MATERIAL SHOWN.
═══
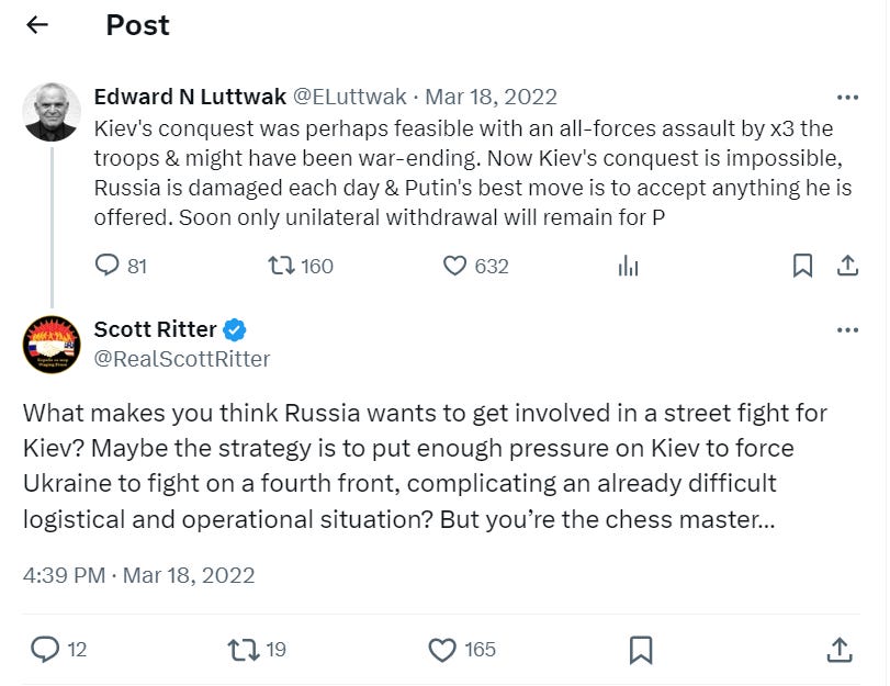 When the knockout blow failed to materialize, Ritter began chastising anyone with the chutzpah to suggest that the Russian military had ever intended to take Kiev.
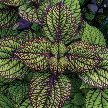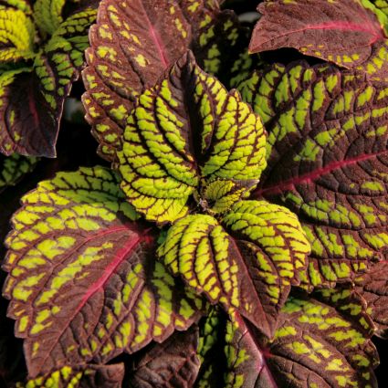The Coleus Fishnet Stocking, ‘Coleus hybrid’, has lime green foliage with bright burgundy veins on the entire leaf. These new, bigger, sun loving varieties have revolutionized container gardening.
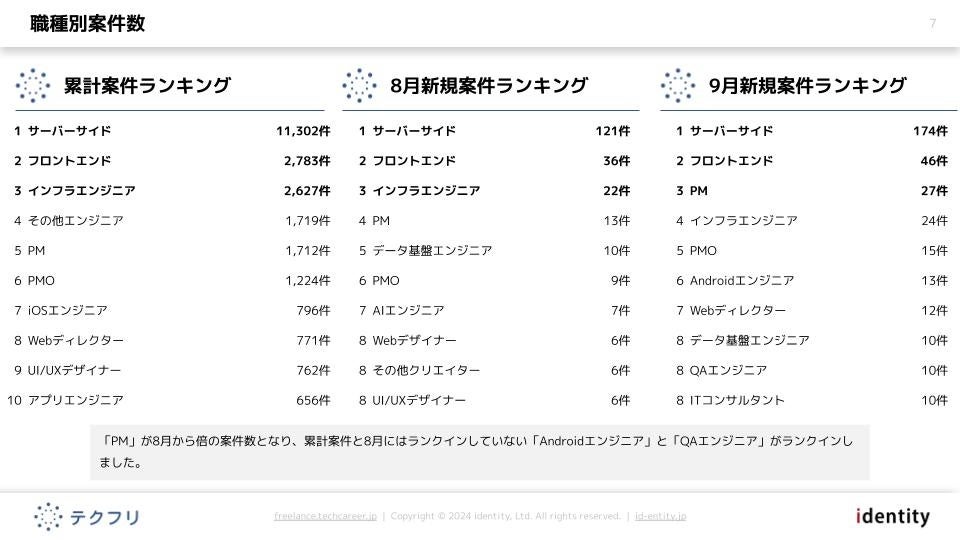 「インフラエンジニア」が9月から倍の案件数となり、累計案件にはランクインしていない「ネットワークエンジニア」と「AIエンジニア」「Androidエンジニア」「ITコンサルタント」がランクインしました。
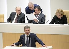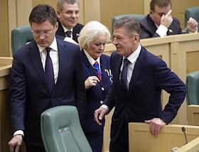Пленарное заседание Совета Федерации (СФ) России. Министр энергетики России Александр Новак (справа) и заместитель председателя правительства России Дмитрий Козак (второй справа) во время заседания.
═══
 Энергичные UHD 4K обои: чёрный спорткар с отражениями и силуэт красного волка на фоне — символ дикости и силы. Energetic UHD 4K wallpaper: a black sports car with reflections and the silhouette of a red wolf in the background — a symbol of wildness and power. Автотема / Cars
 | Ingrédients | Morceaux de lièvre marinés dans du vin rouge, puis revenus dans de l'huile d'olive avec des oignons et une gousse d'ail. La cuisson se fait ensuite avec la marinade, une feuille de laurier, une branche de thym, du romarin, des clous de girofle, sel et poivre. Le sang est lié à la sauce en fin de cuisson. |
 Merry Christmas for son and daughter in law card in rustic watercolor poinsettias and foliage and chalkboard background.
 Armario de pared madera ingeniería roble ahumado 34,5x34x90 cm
═══
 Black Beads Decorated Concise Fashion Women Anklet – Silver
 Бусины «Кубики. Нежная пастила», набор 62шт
═══
INSTRUCTIONS TO FOLLOW.
Please copy out from the data above, without any picture, exactly the lines running from the one that holds "When the knockout" through the one that holds "The Coleus Fishnet", and nothing beyond them.

SOLUTION.
 When the knockout blow failed to materialize, Ritter began chastising anyone with the chutzpah to suggest that the Russian military had ever intended to take Kiev.
The Coleus Fishnet Stocking, ‘Coleus hybrid’, has lime green foliage with bright burgundy veins on the entire leaf. These new, bigger, sun loving varieties have revolutionized container gardening.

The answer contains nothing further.